Another option is load balancing, that is, combining two ore more identically configured terminal servers. In contrast to a cluster, load balancing ensures that a user is assigned to the server with the smallest load at the time of logon. If a server that is part of a load-balanced system fails, the sessions of the users logged on to this server are lost. However, the users can immediately log on again to the load-balanced system because the remaining servers are still available. Although downtime and some data loss are not completely avoided this way, they are at least minimized.

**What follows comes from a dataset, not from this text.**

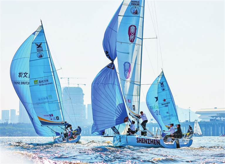 Boats compete during the 2025 World Match Racing Tour (WMRT) Shenzhen • Bao’an Final, which began yesterday in the waters off OH Bay, Bao’an District. The competition, which runs through Jan. 11, boasts a total prize purse of US$200,000. The tournament, which 16 world-class skippers are participating in, marks Shenzhen’s first major international sporting event of 2026, dubbed the APEC “China Year.” As one of World Sailing’s top 10 special events worldwide, the WMRT is hailed as the “F1 on water.” Liu Xudong |
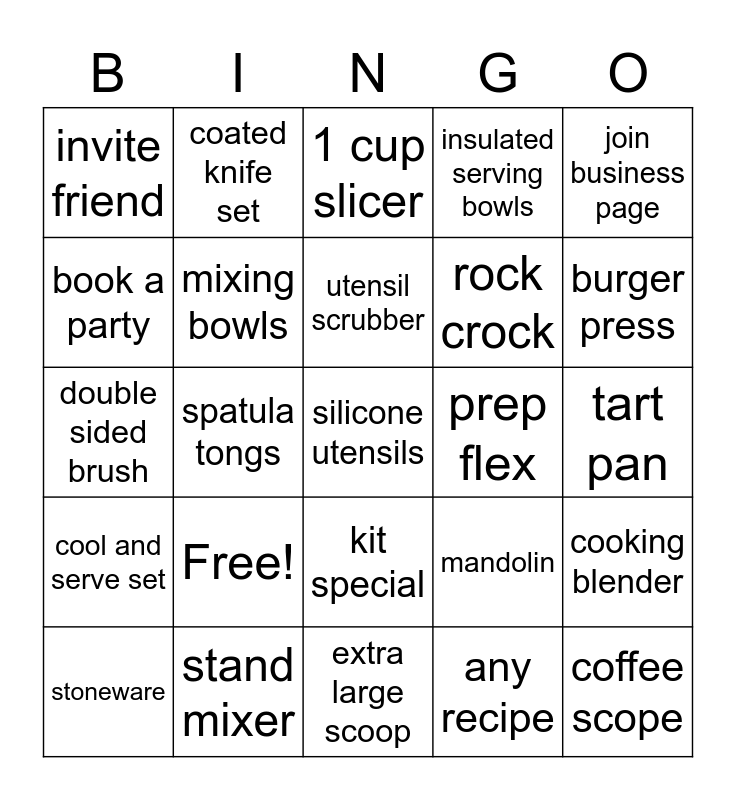This bingo card has a free space and 24 words: Free!, stand mixer, utensil scrubber, stoneware, join business page, invite friend, book a party, coated knife set, prep flex, kit special, rock crock, double sided brush, mandolin, cooking blender, mixing bowls, any recipe, tart pan, 1 cup slicer, burger press, spatula tongs, coffee scope, cool and serve set, insulated serving bowls and extra large scoop.

Terminal servers running Windows Server 2003 can use the integrated network load balancing service. This service allows the creation of a group of servers with a single virtual IP address and contains mechanisms for the dynamic distribution of user logons. Providing that user and profile data are saved on a dedicated file server, users can log on to and continue working on a load-balanced system even if their terminal server fails. Only data that was modified after it was last saved is lost. In Chapter 11, you will read more about configuring terminal servers in a load-balanced environment.

Note?

Constructing a fail-safe computer and network system for terminal servers is by no means a trivial task. You need comprehensive knowledge of configuring clusters, SANs, SCSI devices, hard drive RAID systems, and load- balanced systems. Nevertheless, there is a growing trend on the market to make this type of environment more and more powerful and easier to handle.

Stable Server Configuration

A terminal server should always be set up according to its purpose. Under no circumstances should such different devices as Microsoft BackOffice servers and Terminal Services be combined for the purpose of providing desktops on a physical server.

Terminal server operation is especially stable if the following points are observed as far as possible:

  • Support by well-trained administrators who have sufficient practical experience and, ideally, have a test or reference environment at their disposal. Furthermore, a clear definition of an escalation path is recommended, all the way up to the decision-making bodies of a company, to address any serious problems that might arise.

  • Use of sufficiently powerful and established standard hardware following at least one week of permanent test operation.

  • Use of modern graphics cards and hard drive controllers with up-to-date and mature drivers.

  • Connection of necessary peripheral devices only. Special peripherals that have nothing to do with the terminal server’s function should be strictly avoided. It is recommended that keyboard, mouse, and monitor be set up to look unattractive to casual users to prevent them from being tempted to work interactively with the computer console.

  • Avoiding backgrounds, screen savers, and animations because they use up a huge amount of a terminal server’s resources when many users access these functions simultaneously. The result is slow responses and increased system instability.

  • If at all possible, no additional installation of other server applications on a terminal server. This minimizes the risk of unfavorable mutual interference between individual applications. The application installation sequence might influence system stability and should therefore always be documented.

  • Setting up servers in cool and secure rooms to avoid temperature problems and unauthorized hardware access.

  • Use of uninterruptible power supply (UPS) to protect the system from network failure and power oscillation.

If it is absolutely necessary to install critical application programs, the server should be rebooted automatically on a regular basis (for example, weekly or monthly). This is especially true for terminal servers with several applications that have known problems relating to releasing main memory when the application is closed. These memory leaks can take away main memory from a terminal server until it becomes unstable.